- Cheshmeh Mahi Location within Iran Cheshmeh Mahi Location within Ilam Province
- Coordinates: 33°43′50″N 47°08′26″E﻿ / ﻿33.73056°N 47.14056°E
- Country: Iran
- Province: Ilam
- County: Holeylan
- District: Jazman
- Rural District: Darbid

Population (2016)
- • Total: 827
- Time zone: UTC+3:30 (IRST)

= Cheshmeh Mahi, Ilam =

Village in Ilam province, Iran

Cheshmeh Mahi (چشمه ماهي) (Note: Also romanized as Cheshmeh Māhī; also known as Sāmān) is a village in Darbid Rural District of Jazman District, Holeylan County, Ilam province, Iran, serving as capital of the district.

==Demographics==
===Ethnicity===
The village is populated by Kurds.

===Population===
At the time of the 2006 National Census, the village's population wa 816 in 161 households, when it was in Holeylan Rural District (Note: Renamed Guran Rural District) of the former Holeylan District of Chardavol County.

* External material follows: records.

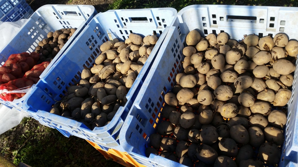 種芋は40キロ。じゃがいもというのは、単価が安く採算があいません。北海道の出荷量が膨大ですから。それでも、野菜セットにはやはりいれたいし、自家用も必要なので少しは作ります。しわしわになったじゃがいもは、味が濃くて美味しいんです。
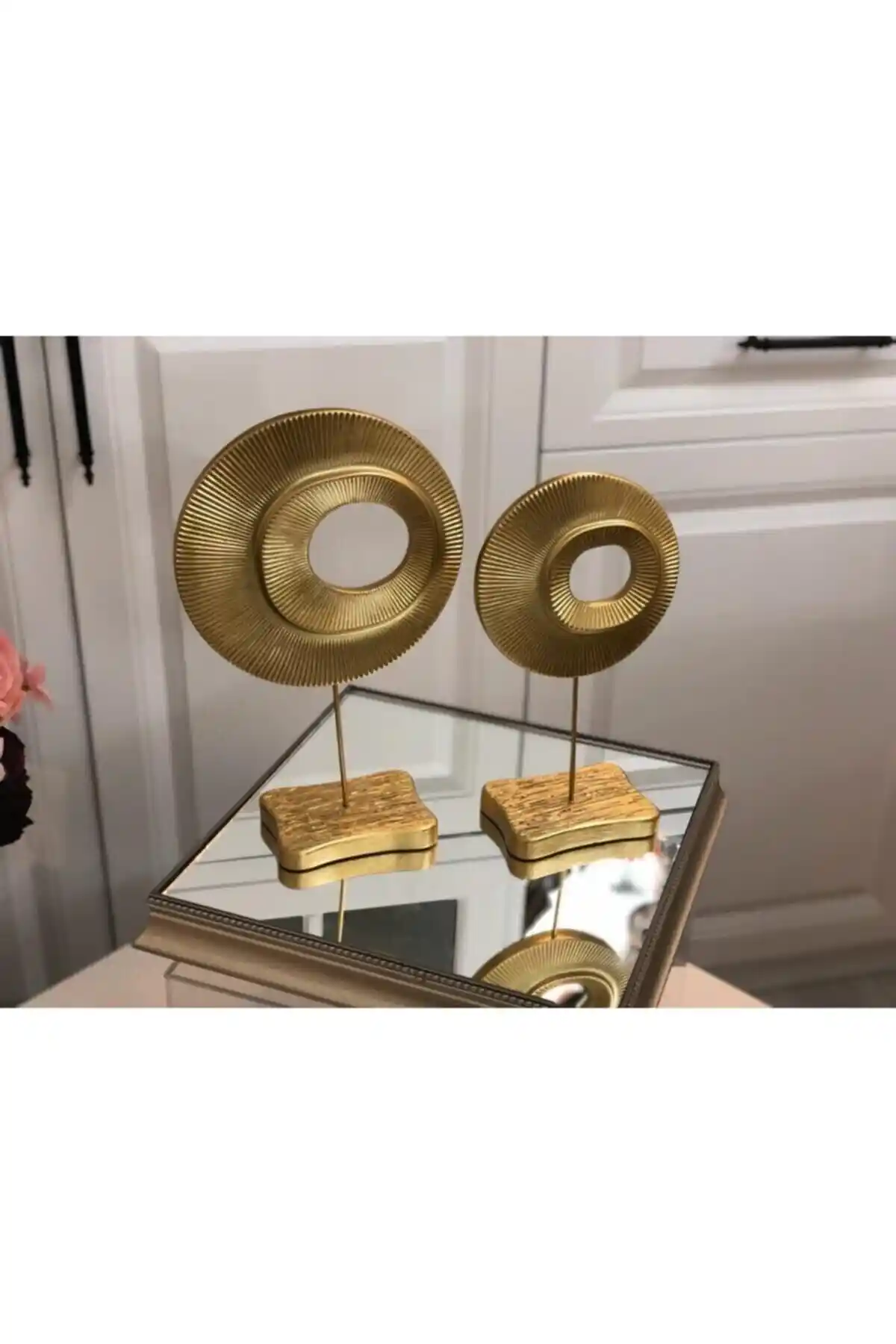 Ev dekorasyonunuza modern ve şık bir dokunuş sağlayan Pavlonya Altın Varaklı İkili Halka Biblo, zarif tasarımı ve dayanıklı malzemeleriyle dikkat çeker, yaşam alanlarınızı güzelleştirir.
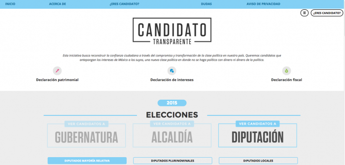 CandidatoTransparente.mx es una plataforma donde se llama a los candidatos a Gobernador, a alcaldes, y a diputados federales a que hagan públicas sus declaraciones, con el objetivo de que los ciudadanos puedan monitorear que el patrimonio del candidato, en caso de ser electo, crezca conforme a sus ingresos y los de sus familiares.
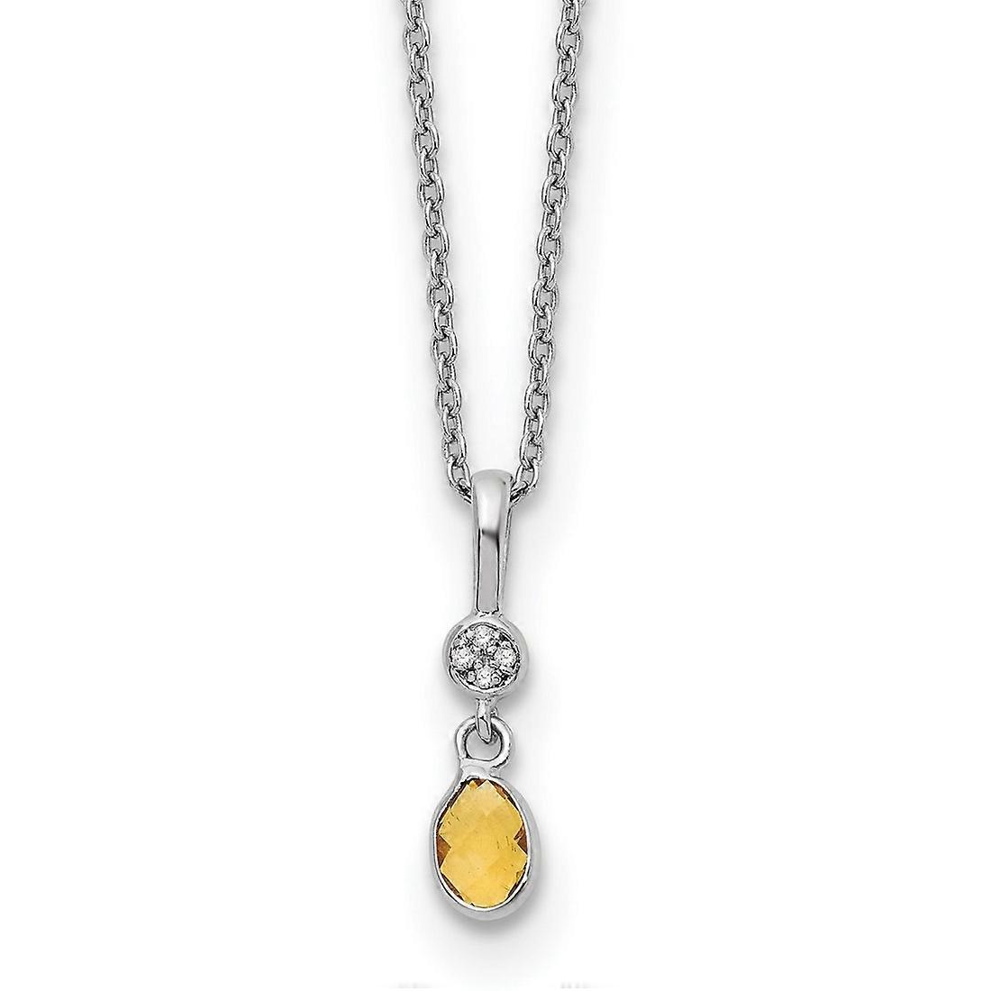 925 Sterling Silver Rhodium Plated White Ice .02ct. Diamond and Citrine With 2inch Extension Necklace 18 Inch 1.25mm Wid
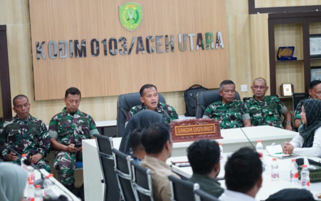 LHOKSEUMAWE, SUARA INDONESIA NEWS |Komandan Kodim 0103/Aceh Utara, Letkol Arh Jamal Dani Arifin, S.Sos., M.M.D.S., mengadakan silaturrahmi sekaligus rapat dengan kepala SPPG dan pemilik dapur MBG di ruang rapat Kodim, Desa Gampong Jawa Lama, Jalan Iskandar Muda, Rabu (1/10/2025). Pertemuan ini membahas pengawasan program MBG (Makanan Bergizi) yang menjadi prioritas Presiden RI Prabowo Subianto.
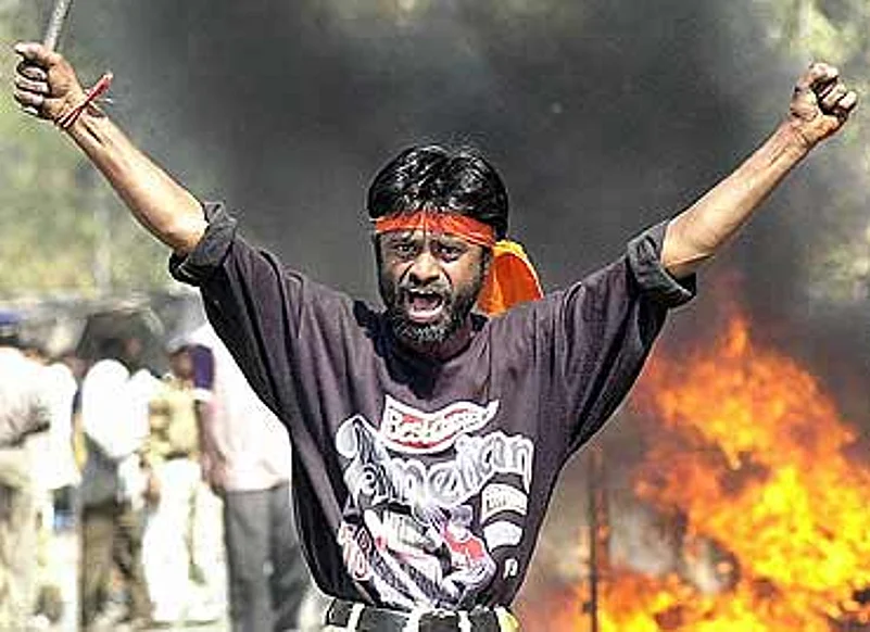 That Indians spoke many languages and followed many faiths made their nation unnatural in the eyes of some Western observers, both lay and academic. In truth, many Indians thought so too. A popular slogan of the original Jana Sangh was 'Hindi, Hindu, Hindustani'. The attempt was to make Indian nationalism more natural, by making—or persuading—all Indians to speak the same language and worship the same gods. In time, the bid to impose a uniform language was dropped. But the desire to impose the will of the majority religion persisted. This has led to much conflict, violence, rioting and deaths. Particularly after the Gujarat riots of 2002, which were condoned and to some extent even approved by the Central government, fears were expressed about the survival of a secular and democratic India. Thus, in a lecture delivered in the university town of Aligarh, the writer Arundhati Roy went so far as to characterise theBJP regime as 'fascist'. In fact, she used the term 'fascism' 11 times in a single paragraph while describing the actions of the government in New Delhi.
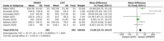 When stratified by surgical type, patients undergoing non-cardiothoracic surgeries showed a significantly greater improvement in PF ratio with HFNOT compared to COT (MD 38.50, 95% CI 26.13–50.88; p < 0.00001), with high heterogeneity (I2 = 83%). However, in the cardiothoracic surgery subgroup, no significant difference was observed between HFNOT and COT (MD 6.37, 95% CI −5.00 to 17.75; p = 0.27) and no heterogeneity was detected (I2 = 0%).
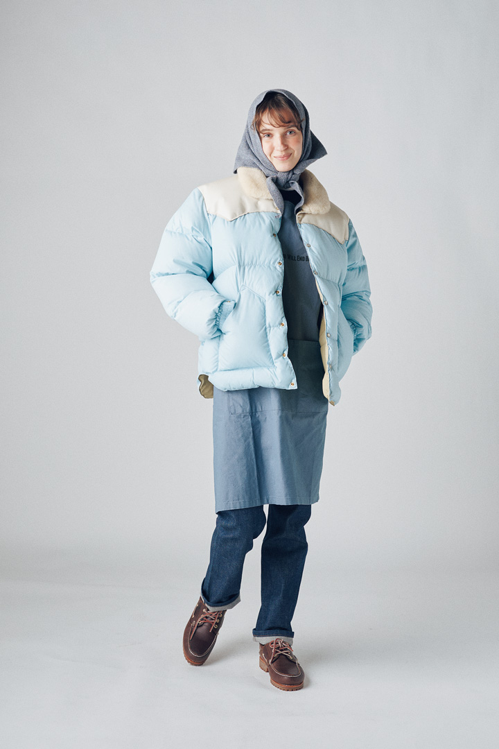ジャケット¥115500 / Rockey M ountain Featherbed(アール 柳橋)、エプロン¥4950/VOIRY(ヴォイリーストア)、デニムパンツ¥30800/ A.P.C.(アー・ペー・セー カスタマーサービス)、ストール¥12100 / WILLIAM BRUNTON(セムインターナショナル)、シューズ¥25300 / Tim berland(VF ジャパン)

The following census in 2011 counted 597 people in 148 households. The 2016 census measured the population of the village as 827 people in 246 households.

In 2018, the district was separated from the county in the establishment of Holeylan County. The rural district was transferred to the new Central District and renamed Guran Rural District. Cheshmeh Mahi was transferred to Darbid Rural District created in the new Jazman District.